Ao aproximar-se o final do ano, e de uma época cheia de momentos de celebração, vemos a bondade e a generosidade permear os seres humanos. Uma época por isso especialmente bonita, em que deveríamos celebrar os direitos humanos e a empatia genuína. Mas será que o podemos fazer?

Quando a Declaração Universal dos Direitos Humanos foi criada em 1948, os seus detratores questionaram a universalidade dos direitos nela consagrados. Alegaram diferenças culturais, especificidades regionais. Contudo, uma análise mais atenta ao processo demonstra que tudo isso foi tido em conta. Este não foi um processo centrado num só país ou numa região; foi um processo de criação dos direitos universais, ou seja, relevantes para qualquer pessoa, independentemente de onde nasceu, que religião professa (ou não), ou do seu nível de educação, entre muitas outras diversidades. A ONU define os direitos humanos como “garantias jurídicas universais que protegem indivíduos e grupos contra ações ou omissões dos governos que atentem contra a dignidade humana”. É mesmo na dignidade humana que deveria estar o foco.  

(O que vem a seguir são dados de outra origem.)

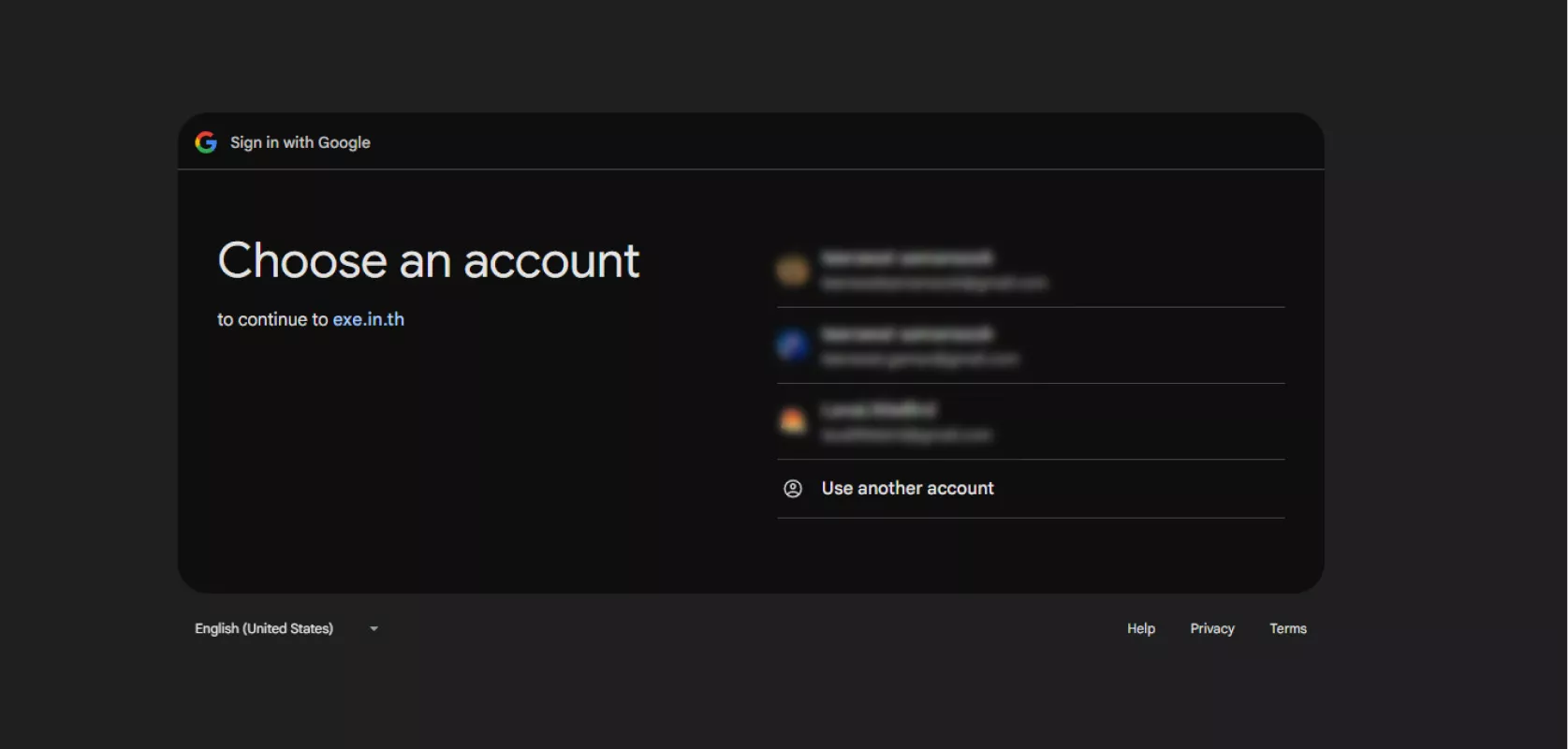 หน้าต่างสำหรับผู้ที่เลือก Login ด้วย Google
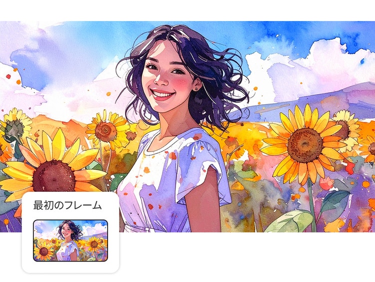 静止画のビジュアルから、フルHDの鮮明かつ高品質な映像を作成できます。滑らかでダイナミックな動画を数秒で生成します。
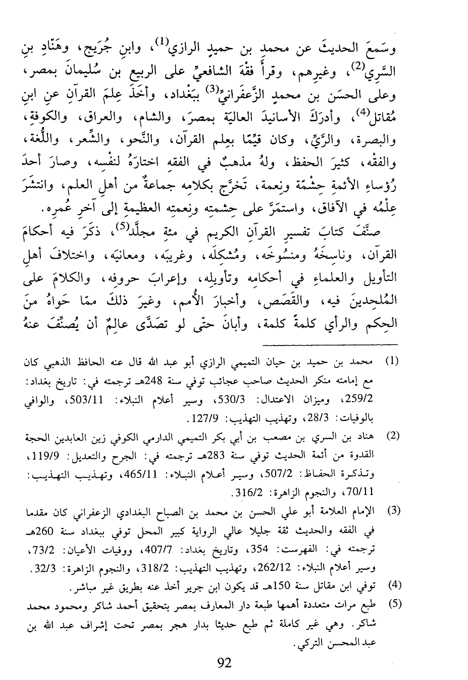 (¬4) توفي ابن مقاتل سنة 150 هـ قد يكون ابن جرير أخذ عنه بطريق غير مباشر.

A desigualdade do mundo não é surpresa para ninguém. Todos os dias vemos uma profusão de notícias que a expõem. Sabemos que há crianças que passam fome, mulheres que sucumbem à violência doméstica, pessoas que são impedidas de estudar ou de ter acesso a um médico. Sabemos que a liberdade de expressão não existe em todo o lado, e há pessoas presas por escrever um poema ou fazer parte de um sindicato. Sabemos que há privilégio. E pessoas com muito mais recursos do que outras. Mas quando ouvimos/ lemos/ vemos informações, tendemos a compartimentar essa informação. Muitas vezes é um mecanismo para lidar com a imensidão da informação, outras vezes com a crueldade da violência exposta, outras vezes até para podermos lidar com os nossos próprios problemas diários, como a saúde mental. Mas o perigo reside em esquecer-nos de que continua a haver direitos universais. Continuam a ter de ser garantidos esses mesmos direitos. Continua a ter de se lutar pelos que não têm a dignidade, que consta no Artigo 1 da Declaração Universal. Num mundo em que grassa a desinformação, os boatos, as múltiplas conjeturas, é muito fácil esquecer-nos de que existem direitos humanos universais e de que os seres humanos “devem agir em relação uns aos outros com espírito de fraternidade” (Artigo 1 da Declaração). Porque a base destes direitos universais exige a empatia genuína. Não o de nos colocarmos no lugar do outro, mas sabermos que nunca vamos conseguir estar nesse lugar, nem compreender a totalidade da situação.  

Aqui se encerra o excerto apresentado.